Excel only tries to match your new entry with immediately adjacent cells above the one in which you are entering the information. It stops trying to match entries when a blank cell is reached. For instance, suppose you have information in cells A1 through A14 and A16 through A23. When you start typing an entry in cell A24, Excel only tries to match it with values in A16 through A23; the blank cell at A15 halts the comparisons.

In addition, Excel does not try to match with cells that contain only numbers, dates, or times. The cells must contain either text or a combination of text and numbers.

For some people, AutoComplete can be annoying rather than timesaving. If you want to turn off the AutoComplete feature, follow these steps:

  1. Display the Excel Options dialog box. (In Excel 2007 click the Office button and then click Excel Options. In later versions of Excel display the File tab of the ribbon and then click Options.)
  2. At the left side of the dialog box click Advanced. (See Figure 1.)
  3. Figure 1. The advanced options of the Excel Options dialog box.

  4. Clear the check box named Enable AutoComplete for Cell Values.
  5. Click on OK.

ExcelTips is your source for cost-effective Microsoft Excel training.

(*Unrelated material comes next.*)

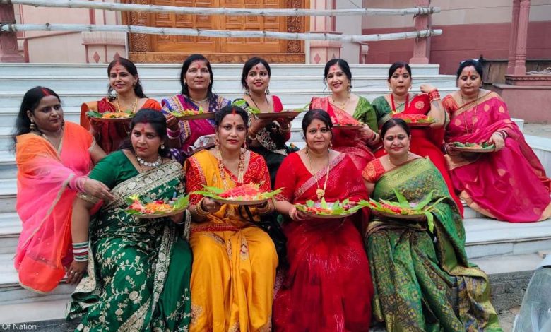 हरतालिका तीज पर आयोजित कार्यक्रम में भक्तिगीतों पर झूमीं महिलायें

This tip (6262) applies to Microsoft Excel 2007, 2010, 2013, 2016, 2019, Excel in Microsoft 365, and 2021. You can find a version of this tip for the older menu interface of Excel here: Understanding AutoComplete.

Author Bio

Allen Wyatt

With more than 50 non-fiction books and numerous magazine articles to his credit, Allen Wyatt is an internationally recognized author. He is president of Sharon Parq Associates, a computer and publishing services company. ...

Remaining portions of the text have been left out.